Sensitive fields (github_token for Keystatic, app_password /
application_password for WordPress) per the
_SENSITIVE_EXTRA_DATA_KEYS map are split out of body.config
via team_integration_service.extract_sensitive_for_storage,
encrypted with AES-256-GCM, and persisted on
IntegrationCredential.access_token_encrypted. The remaining
non-sensitive config writes to extra_data (REPLACE semantics —
POST is the create / full-rewrite path, distinct from PATCH’s
shallow merge). See migration e8b3encsec01.

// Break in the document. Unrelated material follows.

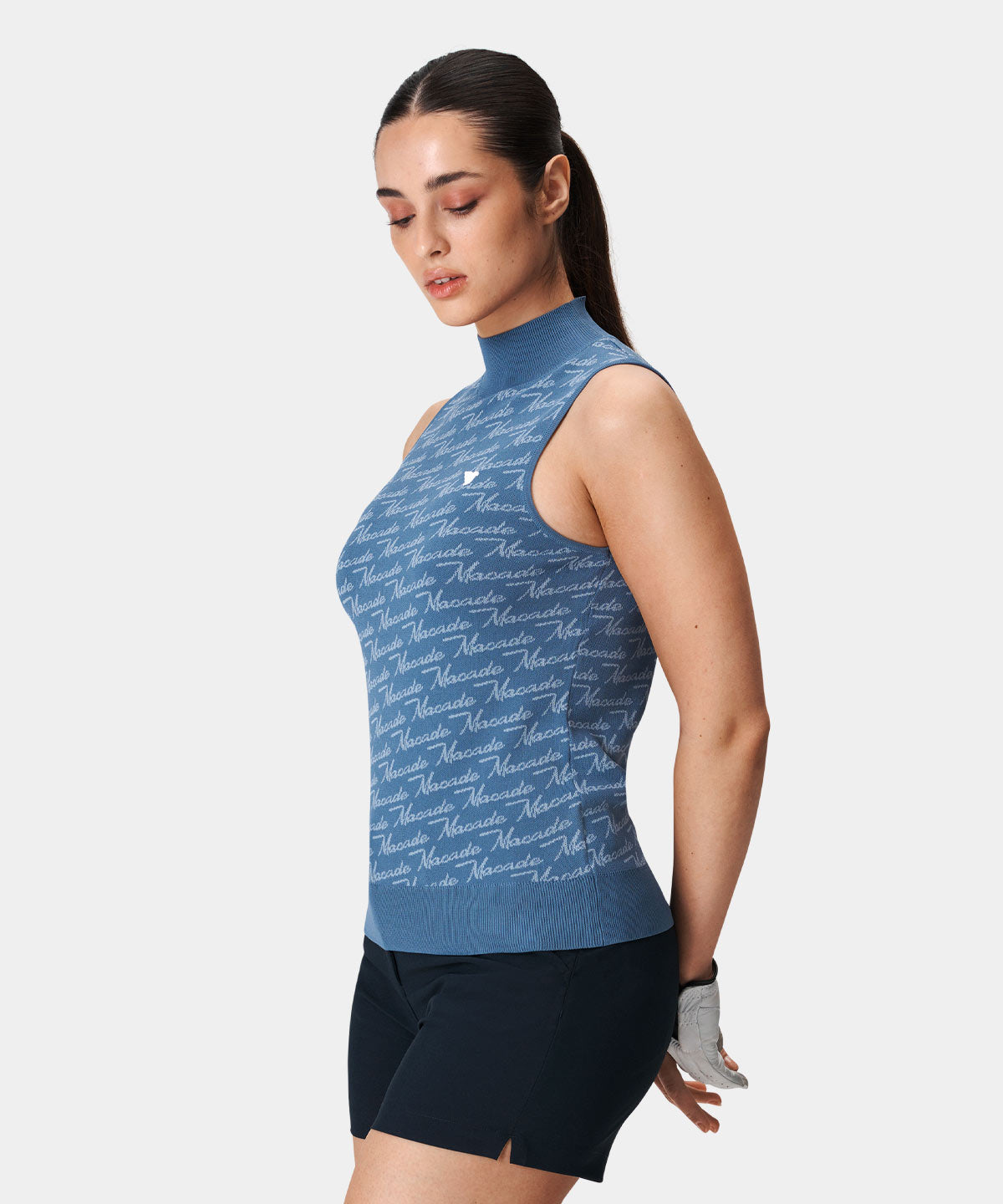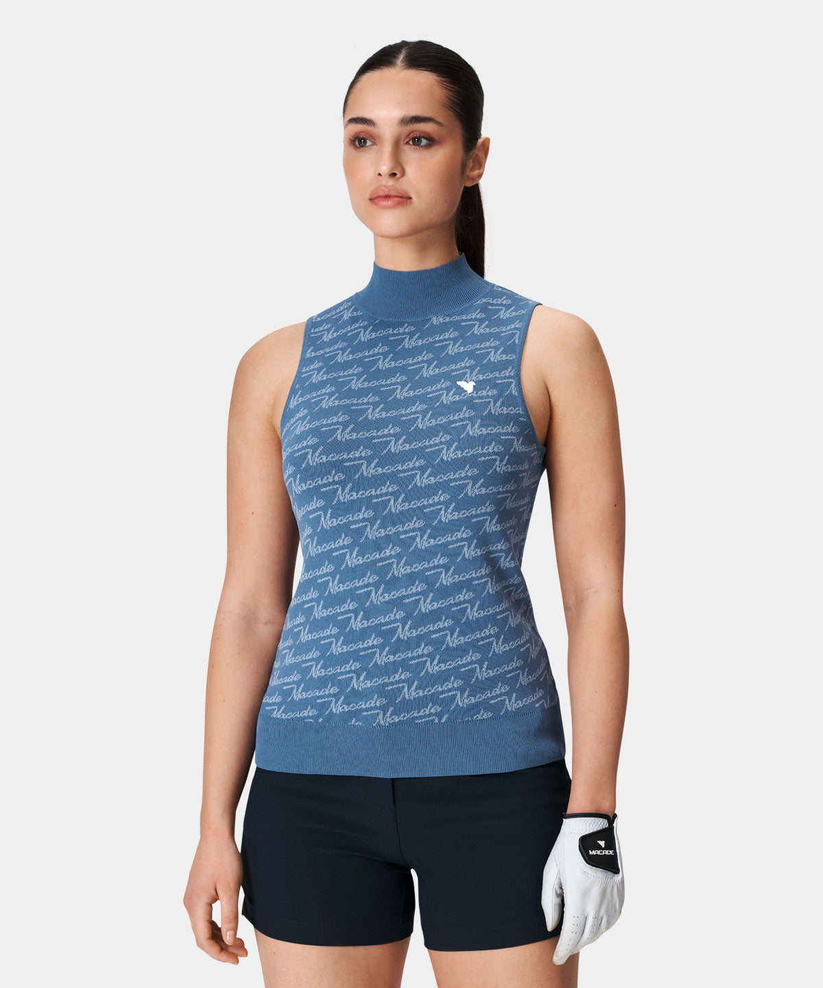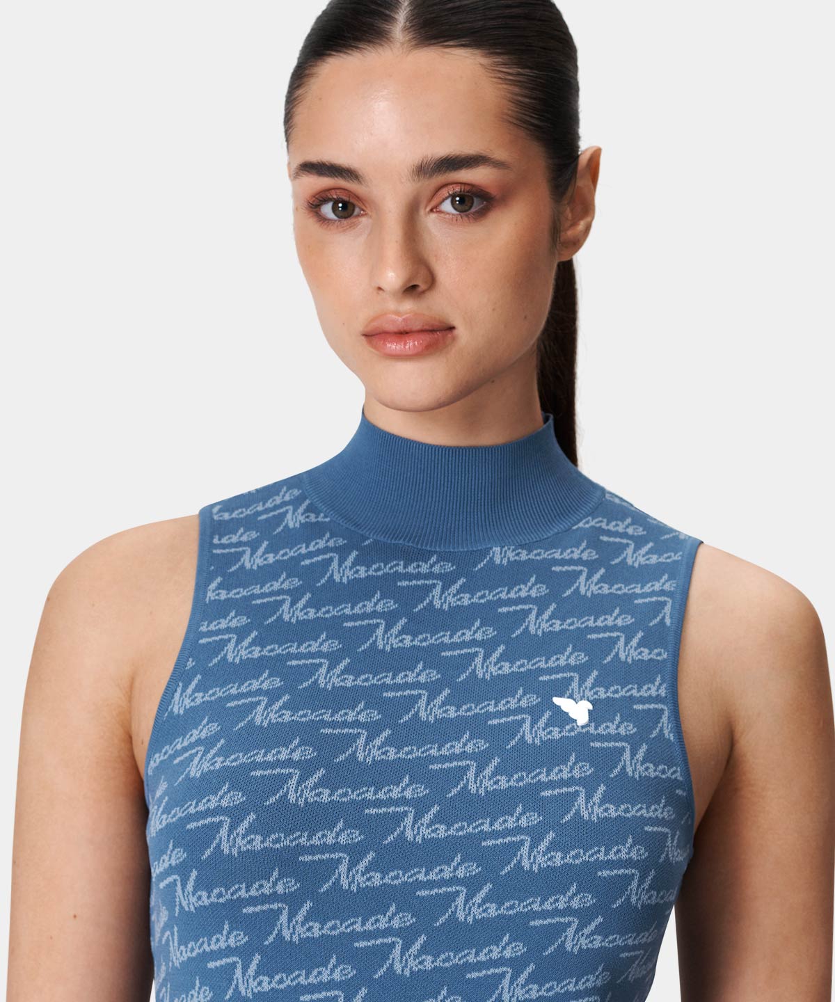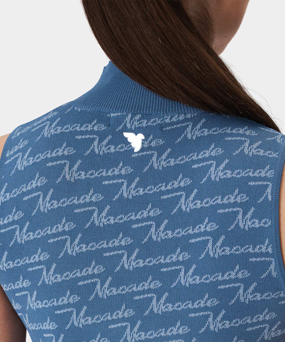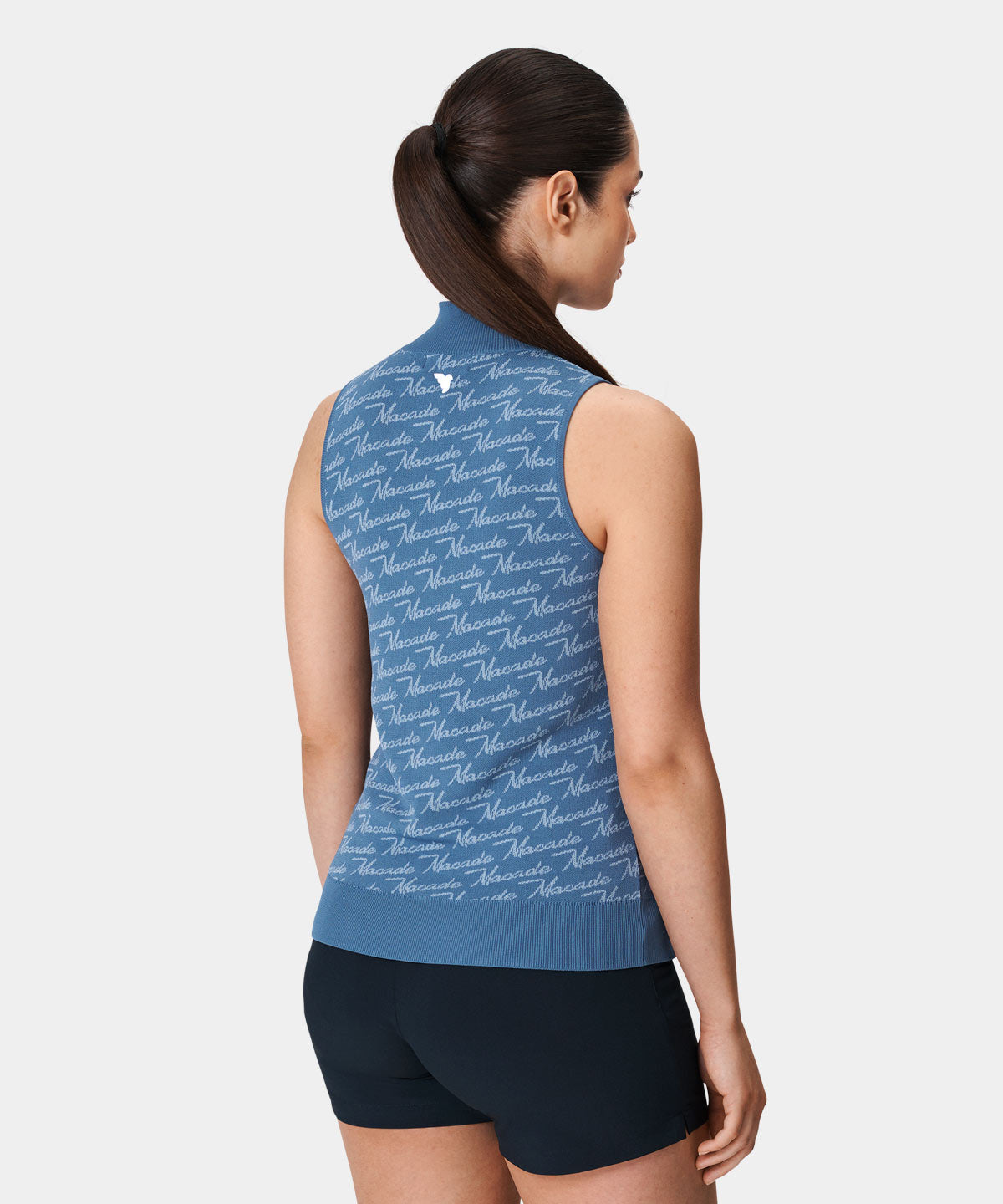 Denna blåa stickade tröja är tillverkad i en blandning av viskos och nylon, vilket gör den exceptionellt mjuk och bekväm att bära. Tröjan har en sportig, något högre krage, som håller dig varm under kallare dagar ute på banan.

On row UPDATE, a blank sensitive value preserves the stored
encrypted secret (re-saving config without re-typing the token
is supported). On row CREATE without a sensitive value, the
encrypted column is left NULL; the verify_post_migration
invariant will flag the row if it’s also status='connected'.
Authorizations
Bearer authentication header of the form Bearer <token>, where <token> is your auth token.
Body
Multi-field config payload.
config accepts Any values (not just str) so nested
structures like Keystatic's content_paths — a {task_type: path} dict — can round-trip through the API and JSONB column
without forcing the frontend to JSON.stringify them. The
pre-2026-06-02 shape was dict[str, str] which (a) made the
frontend serialise nested dicts to JSON strings and then (b) made
the publish-leg resolver crash on those strings with
AttributeError: 'str' object has no attribute 'get' — the
CMT publish loop incident.
The backend resolver (KeystaticAdapter._resolve_content_path)
still defensively handles JSON-stringified shapes for back-compat
with credentials saved before this widening (PR #1835). New saves
go in as native dicts via this widened schema.